Despite dropping 1.4% in the third quarter, the fund’s outperformance continued. The Russell 2000 was down 6.9% in Canadian dollar terms, while the average U.S. Small / Mid Cap equity fund lost nearly 5%. The recent outperformance was the result of strong relative returns from a number of technology and consumer discretionary names, with Ingram Micro and Jardine Group helping the cause.
Manager Steve MacMillan, uses a bottom up approach, with sector exposure being the result of available opportunities. He continues to look for well-managed, high quality companies that have strong recurring revenue and a high return on equity. Of late, he has been finding these opportunities in the technology, consumer, and healthcare sectors.
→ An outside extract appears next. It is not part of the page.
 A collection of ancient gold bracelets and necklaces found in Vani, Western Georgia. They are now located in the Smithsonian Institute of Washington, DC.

During the recent market volatility, the manager used the selloff to put some cash to work by adding to some existing names, and adding a couple new ones at attractive prices. At the end of September, he held just shy of 4% in cash.
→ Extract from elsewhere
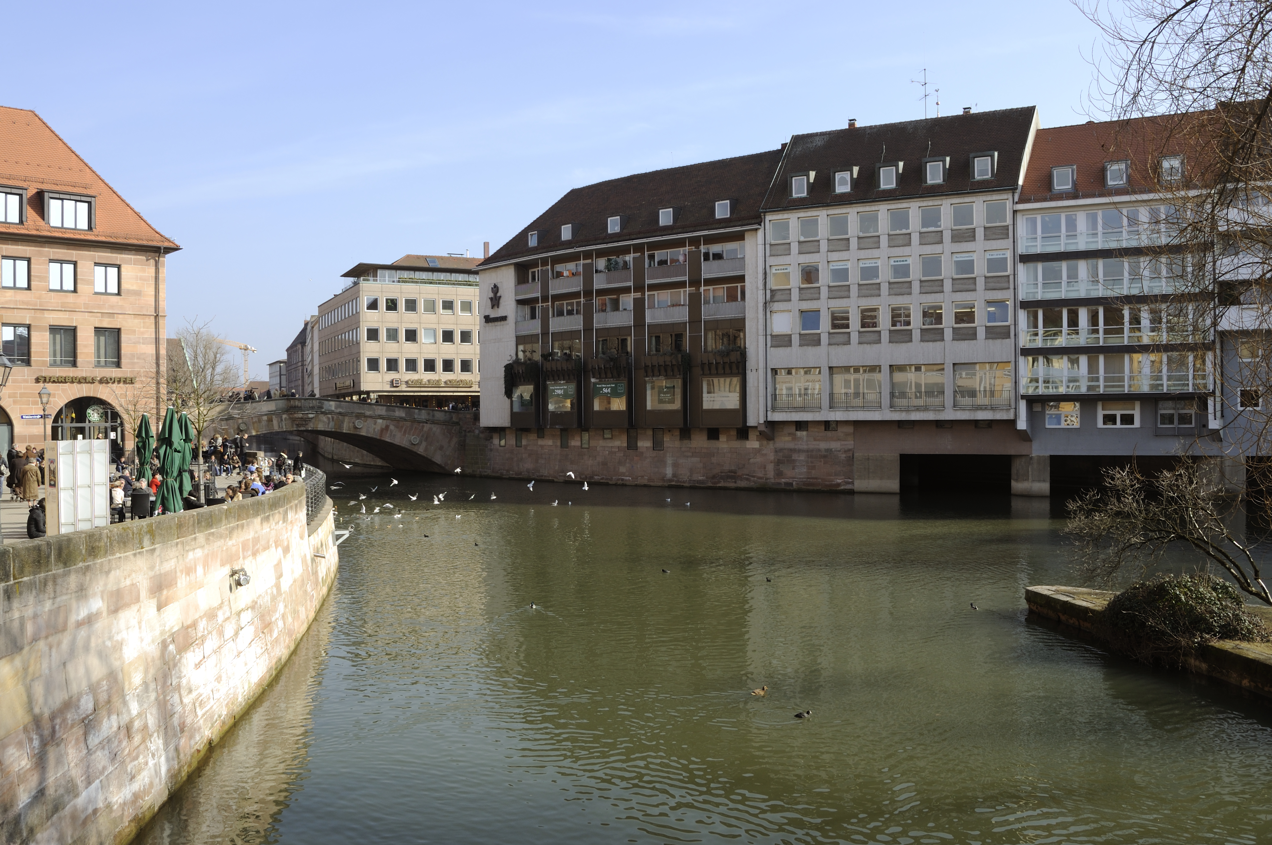 Picture taken in Nuremberg.

Looking ahead, the manager believes the U.S. will hold up well in the face of global economic uncertainty. He sees the stronger dollar keeping inflation in check, which will allow the U.S. Federal Reserve to hold interest rates low for the foreseeable future. Lower commodity, and specifically energy prices will also be a boost to consumer spending, which is a significant contributor to the U.S. economy.
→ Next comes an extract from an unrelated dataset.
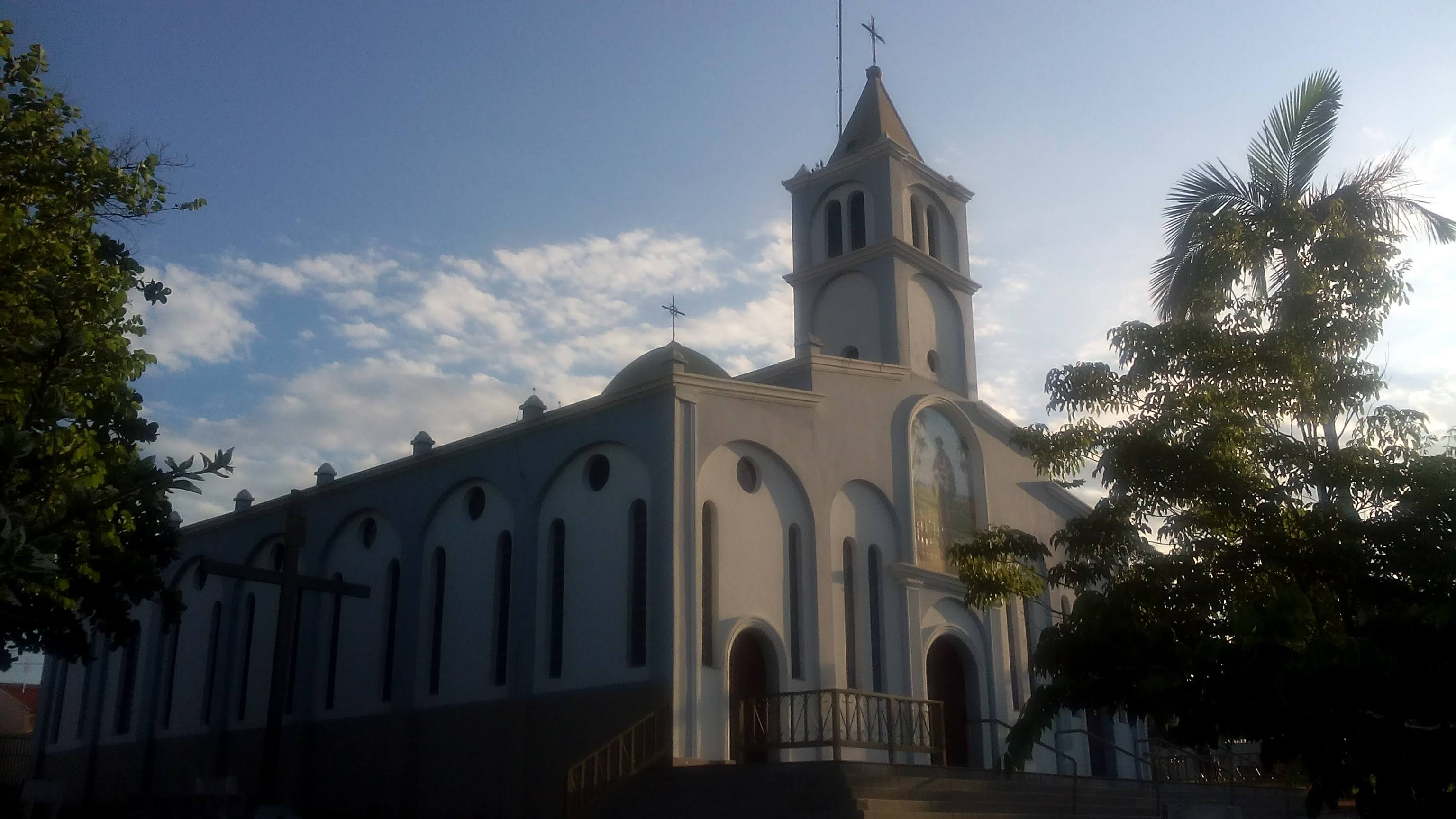 St. Benedict Chapel, Laranjal Paulista.

The valuation metrics of the portfolio look attractive compared with its benchmark, offering a lower P/E ratio, higher returns on equity, and higher growth rates. In addition to the strong performance, its volatility has remained in line with the index, but has offered much better downside protection.
Still, with a one year gain of 28%, an annualized three year gain of 28%, and an annualized five year gain of 25%, it may be time to take some profits in the fund, rebalancing your portfolio, bringing its weight to a more neutral level, based on your objectives and risk tolerance.